Cognitive computing and AI begin to grow together
When we first attempted to define cognitive computing, we found clear differences between it and AI. We posited that for software to be considered a new type of computing—“cognitive,” it must solve problems that were insoluble today. This new class of problem has no precise answers. Instead, it is open to interpretation—it is ambiguous or has no one right answer that is amenable to computation.
For an application to be considered “cognitive,” 5 years ago, we proposed that it be adaptive, interactive, iterative, stateful, and, above all, contextual.
In the 5 years since cognitive computing appeared, however, our understanding of the missing pieces that this new kind of computing might provide has evolved. We have found that different depths of analysis are required for different purposes. This means that potential users and buyers must define what their purpose is in investing in a new technology. While understanding the full meaning of text might be attractive, it is possible to understand enough of a subset so that meaning can be inferred. For example, emotion analysis might require more in-depth understanding of the differences between “like” and “love” than simply labeling both words as “positive.” This gradual adjustment in requirements makes it easier for developers to address only the needs of their target market. More nuanced, more in-depth products can be developed at a slower pace while their features are explored.
Developing suitable expectations
How do we manage the hype and promise for new inventions while making sure that they represent a realistic opportunity? Can we invent self-driving cars or a Boeing 737 MAX without exposure to the risks these innovations can pose to our lives?
New technologies rarely spring full-blown to the marketplace. Instead, they evolve incrementally, building on a myriad of designs, experiences, and market demands that have come before. When our inventions were software only, or were minor devices that had small impact, we could afford to allow designers to experiment and correct their mistakes. But we are reaching the brink of disaster when lives are imperiled. Whom do we trust to make decisions that release new inventions to unsuspecting customers? Who should be trusted?

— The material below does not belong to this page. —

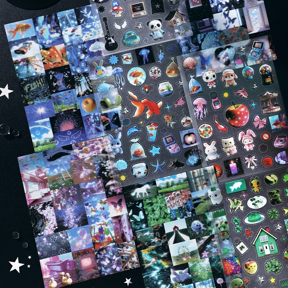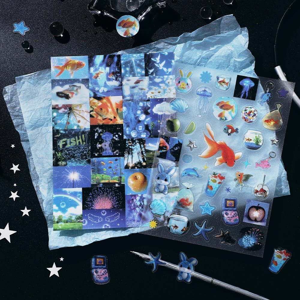 Infeel.Me旧梦光影PET闪砂贴纸金鱼贴画可爱韩系ins风手帐diy咕卡
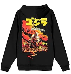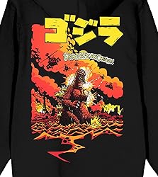 Custom Design: Showcases red kanji on the front and a rampaging poster on the back under yellow kanji, capturing iconic monster action Hood: Comes with an adjustable hood for a personalized fit and added coverage Officially Licensed: Genuine Godzilla merchandise, ensuring true fan apparel High-quality Materials: Made with a 60% cotton and 40% polyester fleece blend for lasting comfort and wear Kangaroo Pocket: Provides functional front storage for convenience and style

The truth is, we don’t know yet, and technology alone can’t give us sufficient answers. All we know is that trust and reliability are imperative, even if we don’t know yet what impacts to expect.
That is certainly the case today with cognitive computing. Cognitive applications and platforms have seen a marked evolution that has given us a mixture of features that solve problems rather than insist solely on purity of design. They are purpose-built experiments, mixing cognitive, AI, machine learning, and new kinds of interfaces in order to address a specific purpose or need.
Developers and innovators face a dilemma: Predicting the next big thing is nearly impossible. What will grab the market or fulfill a need? Part of the design process is to select features that solve a problem and that have been proven to work for a specific purpose. For instance, does a search application require deep parsing in order to determine meaning, or will shallow parsing work in the majority of cases? How can we work with potential buyers of technology to help them understand the trade-offs and choices that need to be made?
Each degree of depth requires integration with the software app and the interface as a whole. Which features (such as real nuanced language understanding) that seem logical are so difficult to achieve that they delay the launch of a valuable, market-breaking application? To complicate matters further, features that seem elementary catch on—often, for the wrong reasons. For instance, suppose that all I want to know is when my spouse has left the office, and what the traffic volume is today on his way home. It’s pretty obvious which datapoints need to be confined for this simple bit of information. And yet, all kinds of imponderables need to be factored into the equation, e.g., how fast does my spouse drive? Is there a repair truck in the way? To make things more difficult yet, the salient factors for a successful new application are rarely known and may be largely dependent on the user and her needs. For instance, one of the most useful features (for me) of Alexa is having the device tune in or change radio channels while my hands are dirty. Its voice interface is a life (or dinner) saver for me.